[Collection entries]
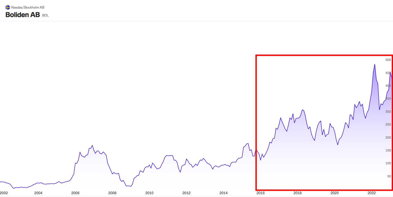 (Bildkälla: Nordnet – Bild B, Bolidens aktiekurs mellan 2000 och 2022)
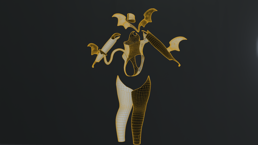 This outfit was made entirely by me in Blender only. Comes with a UV mapped version and a custom half and half texture made in Blender. The wings are all rigged for physics. Rigged to Pandaa's Flat Foot Base.
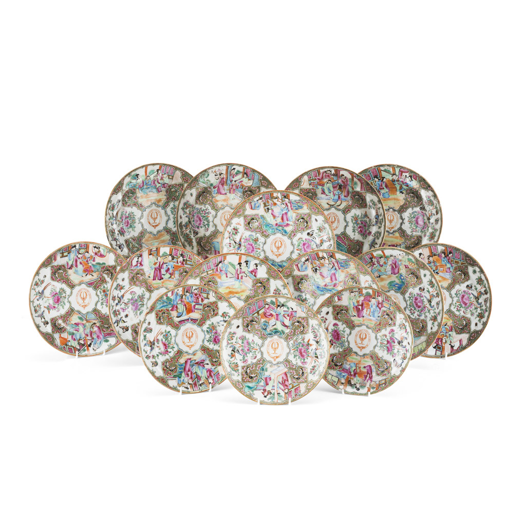 SET OF FOURTEEN CHINESE ROSE MANDARIN ARMORIAL DISHES
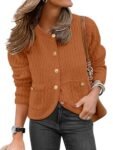 Caracilia Women’s 2025 Fall Cardigan Sweaters Knitted Dressy Casual Jackets Trendy Outfits Burnt Orange XL
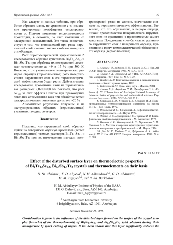 Абдинов Д. Ш., Алиева Т. Д., Ахундова Н. М., Абдинова Г. Д., Тагиев М. М., Бархалов Б. Ш. Влияние поверхностного нарушенного слоя на термоэлектрические свойства кристаллов Bi2Te2.7Se0.3, Bi0.5Sb1.5Te3 и термоэлементов на их основе 47
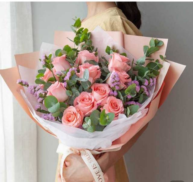上海花千坊爱上海11支粉玫鲜花束,如图包 |
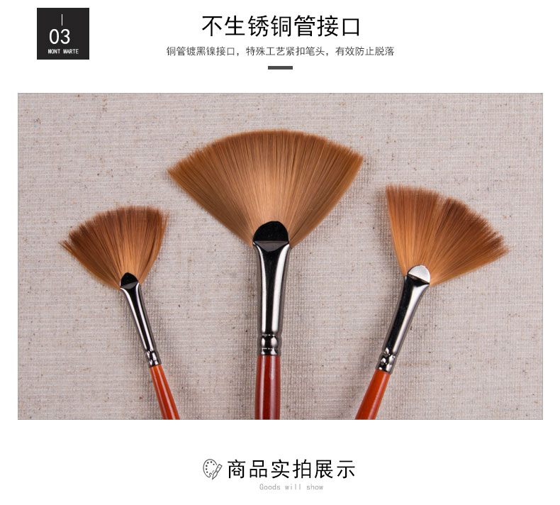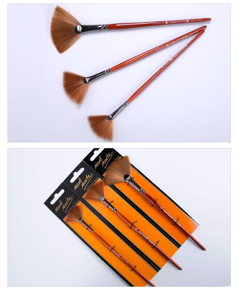 • 【全网低价】蒙玛特(Mont Marte)画笔3支装 扇形笔水粉笔水彩油画丙烯颜料画画笔套装 尼龙美术绘画笔SX-MPB0046+47+48美术写生
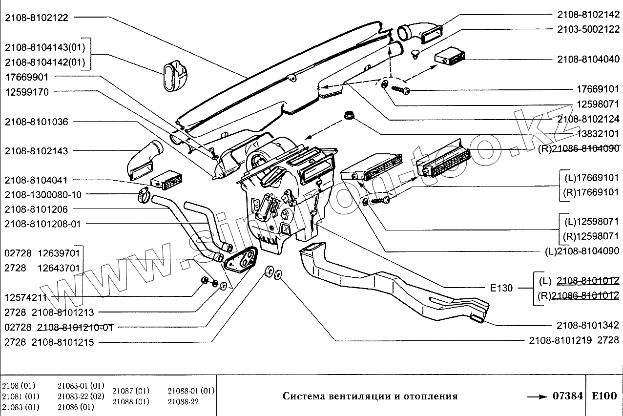 Каталог запасных частей к технике: ВАЗ-2108. Система вентиляции и отопления
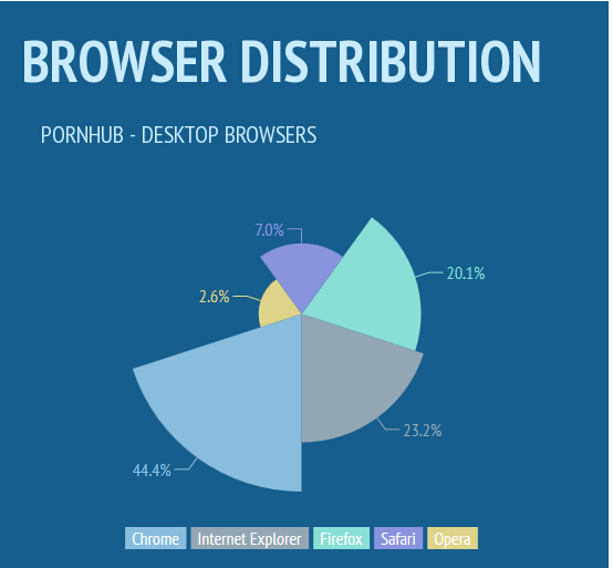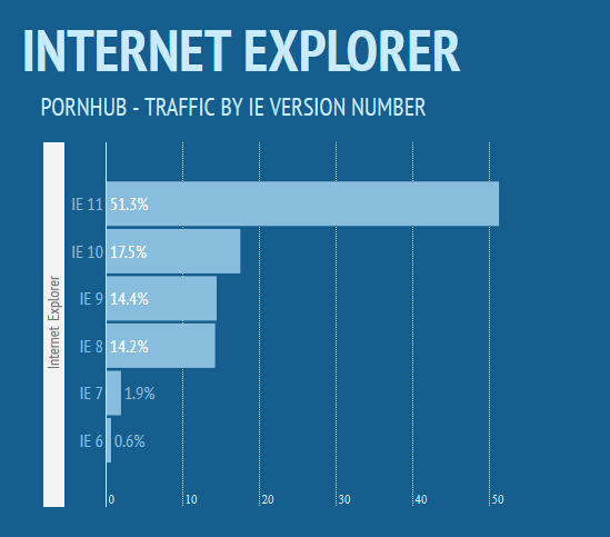 IE 的瀏覽數(shù)據(jù)特別被拉出,依版本號(hào)碼做出圖表,越新的版本占最多 IE11 是 51.3%,但古早的 IE6 和 IE7 仍分別占 IE 瀏覽比例有 0.6% 和 1.9%。雖然 IE5 已經(jīng)發(fā)布很久,但每天仍然有想要搜索色情片的人上來(lái) PornHub。
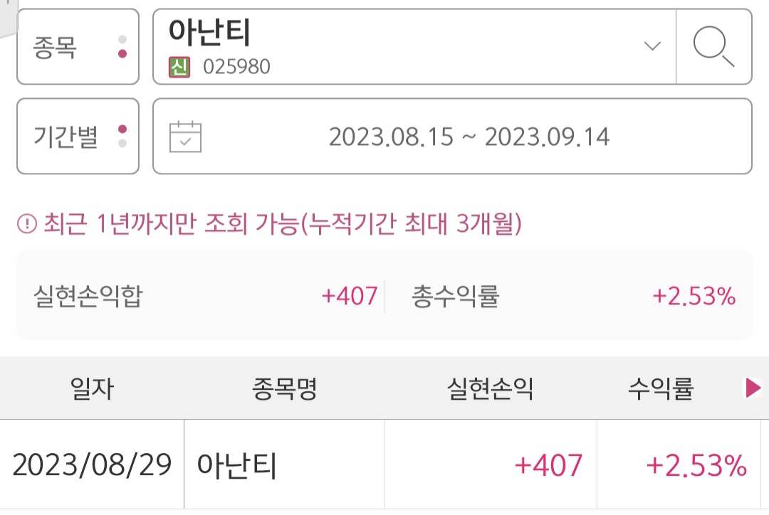 아난티 매매기록 및 주가 : 수익률 2.53%

= What is needed =
Begin at the first line of the entries above and return each line exactly, stopping after the line that contains "SET OF FOURTEEN". Pictures do not belong in the copy.

= Solution for this task =
 (Bildkälla: Nordnet – Bild B, Bolidens aktiekurs mellan 2000 och 2022)
 This outfit was made entirely by me in Blender only. Comes with a UV mapped version and a custom half and half texture made in Blender. The wings are all rigged for physics. Rigged to Pandaa's Flat Foot Base.
 SET OF FOURTEEN CHINESE ROSE MANDARIN ARMORIAL DISHES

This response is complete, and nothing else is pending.